Where do we go now with drug development for NMOSD considering we have a few approved therapies?

It was a great question. It does get difficult, we're dealing with a rare disease. We have 4 FDA-approved drugs. The potential to do placebo arm approaches to therapeutic trials is finished. The CHAMPION-NMOSD study was a nice example where we didn't actually have a placebo arm, we had an external comparator placebo arm. For future studies, there is always the possibility of comparing a drug with an external comparator, or a natural history type of approach. We also need to be cognizant of the fact that these medications are very expensive, and they're lifelong. The potential here is that a patient is diagnosed with NMOSD, starts an FDA-approved drug, and remains on that medication essentially for the rest of their lives. And that's a significant cost. There needs to be some thought and some consideration of additional therapeutic approaches to these types of diseases.

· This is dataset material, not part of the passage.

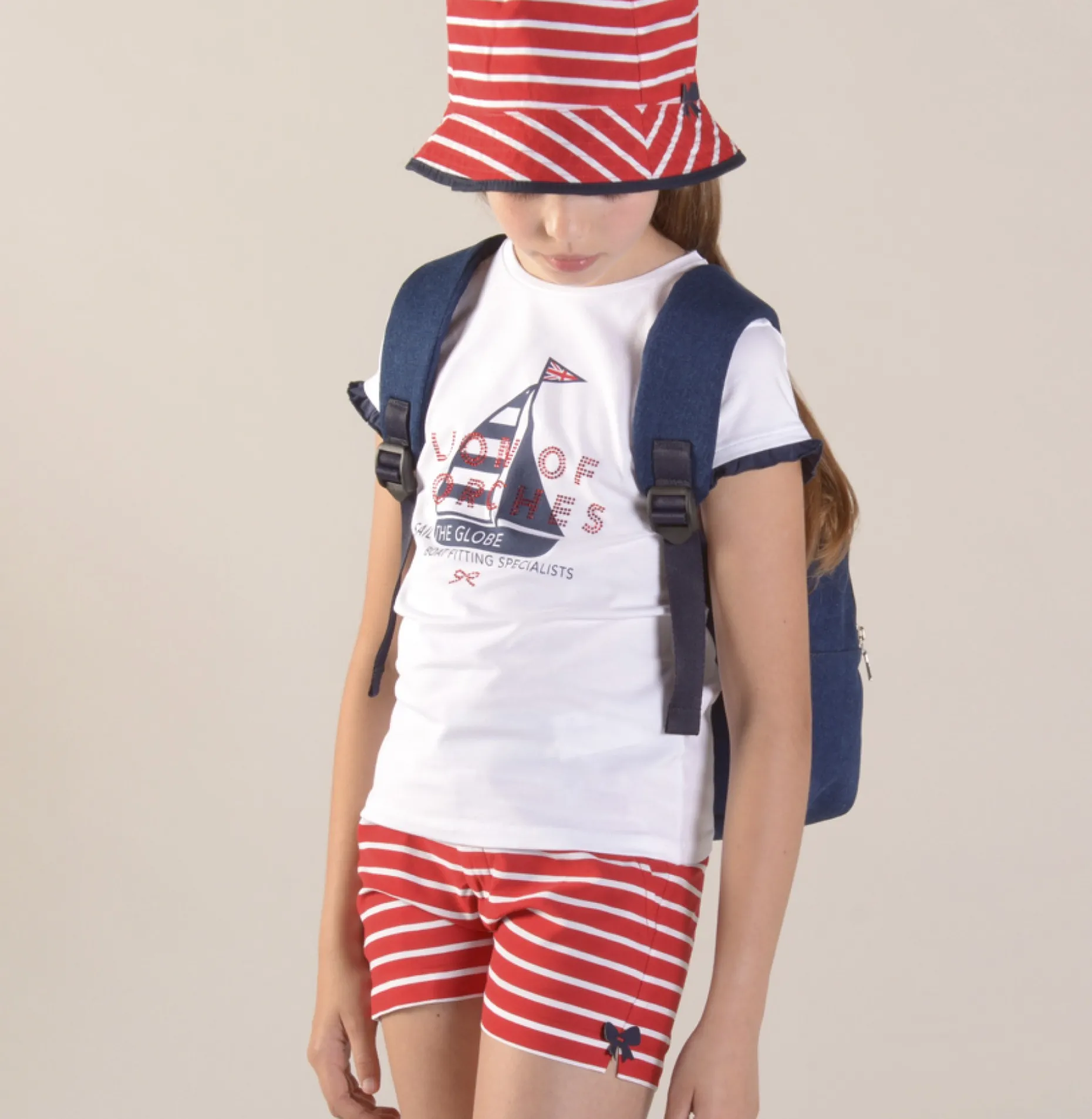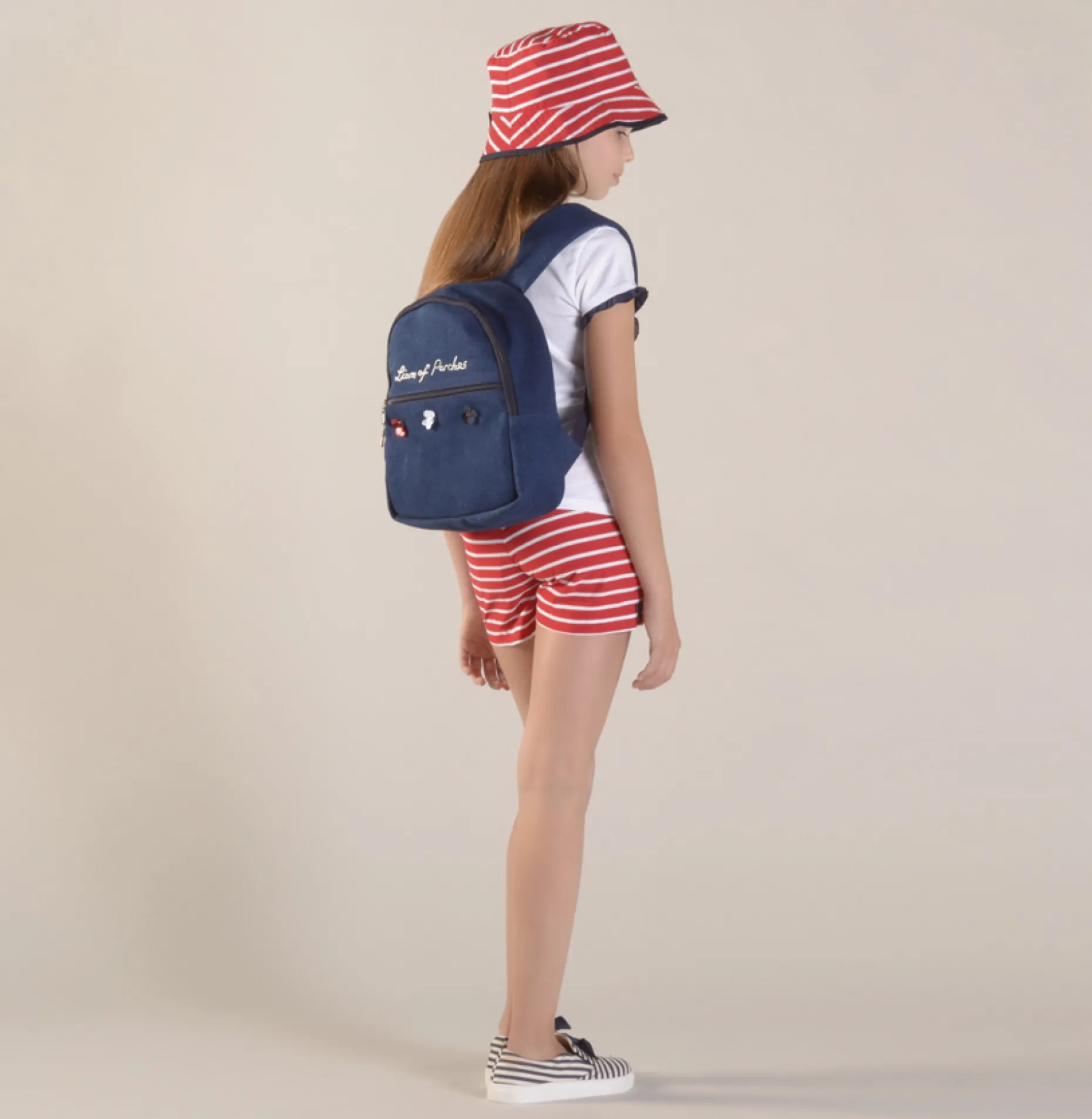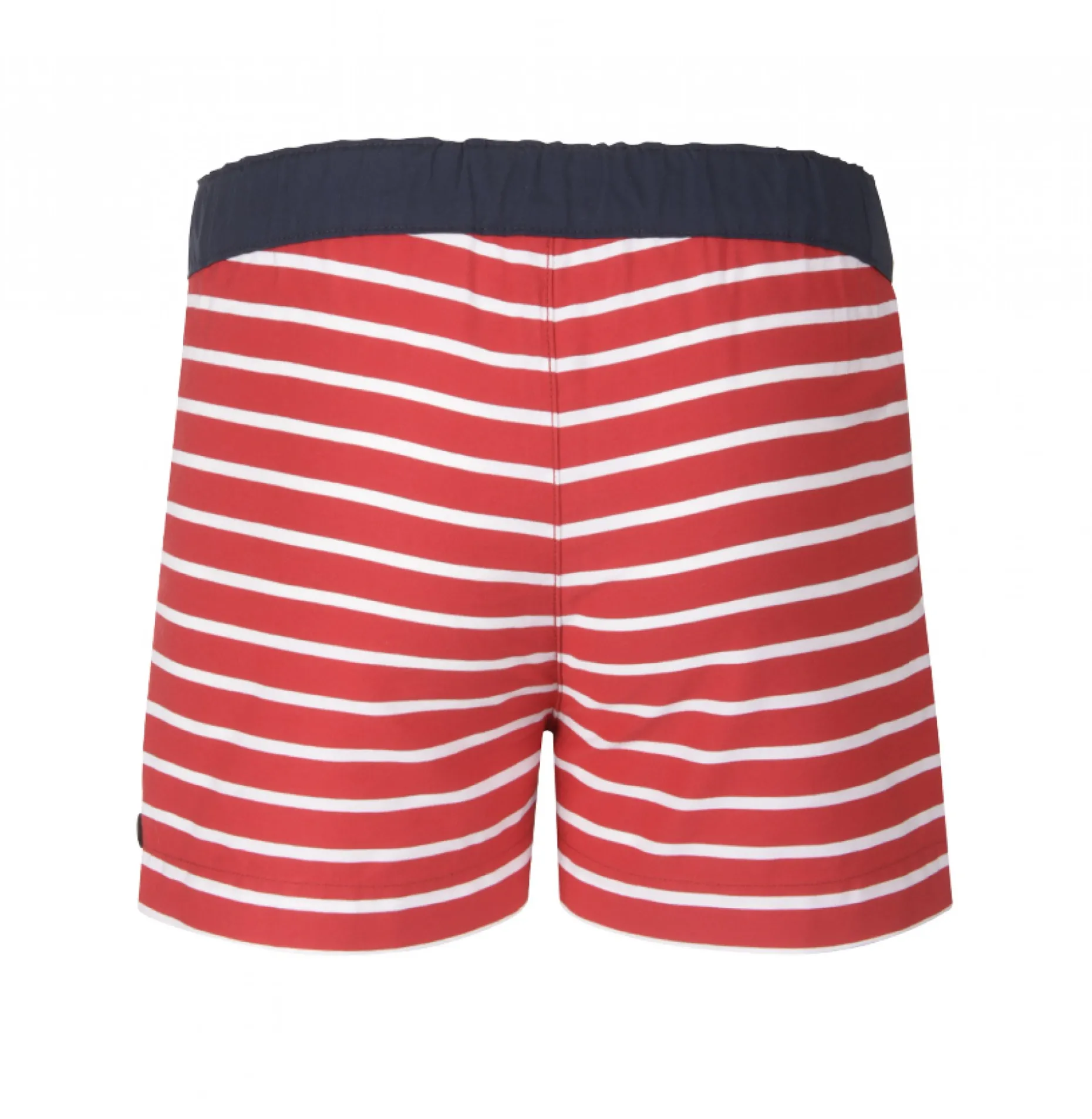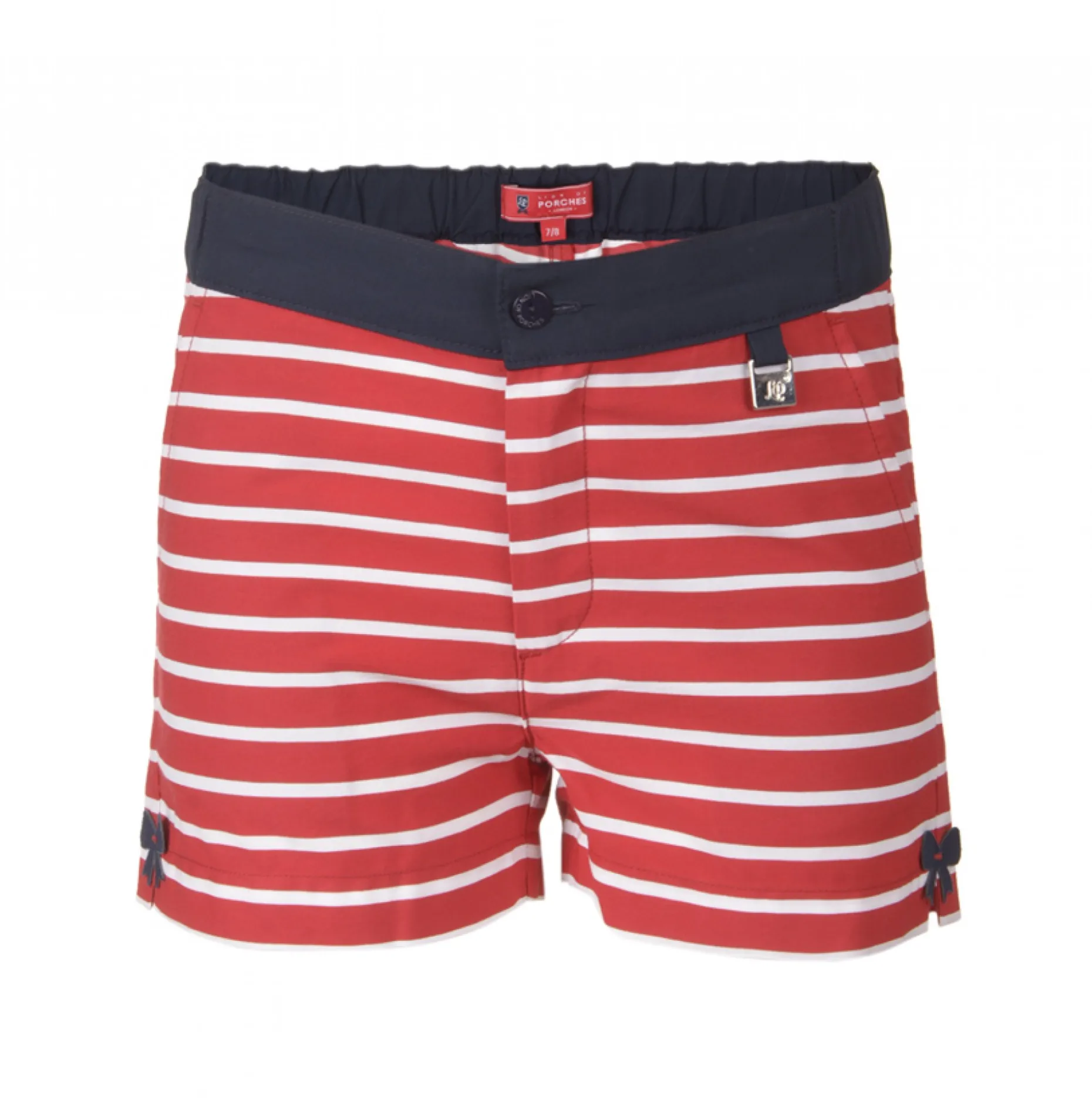 Com inspiração navvy, estes calções tricolores são perfeitos para uma ida à praia ou para um passeio no parque. Os laços laterais conferem-lhe um toque diferenciador. Cós em elástico e botão em mola.

I know that many physicians, scientists, and groups who are focused on NMOSD are thinking a lot about opportunities to potentially cure this disease. Some have suggested the possibility of tolerization approaches to NMOSD and others are also looking at the possibility of using CAR-T therapies. In eculizumab, we have a monoclonal antibody that takes out CD19-positive B cells. We know that those drugs works well, and you get an 85% risk reduction, which is really good. We do know that a lot of CD19 cells can still hang around in the spleen and in the liver. And so some are considering the possibility of using CAR-T therapies to take out CD19-positive B cells. You get a deeper kill, and it'd be very interesting to understand firstly, how does that work? And number two, how long does the benefit of that therapy work? Can you have patients gaining benefit for three, four, or even five years? Maybe you can get some kind of reconstitution of the immune system and patients potentially can avoid having to be on very expensive drugs on every year basis. That's work to do in the future. At the current time, we've got to deal with what we've got. I think we're in a situation where patients have a lot of opportunities to choose medications that are going to be good and prevent them getting disability.

Transcript edited for clarity.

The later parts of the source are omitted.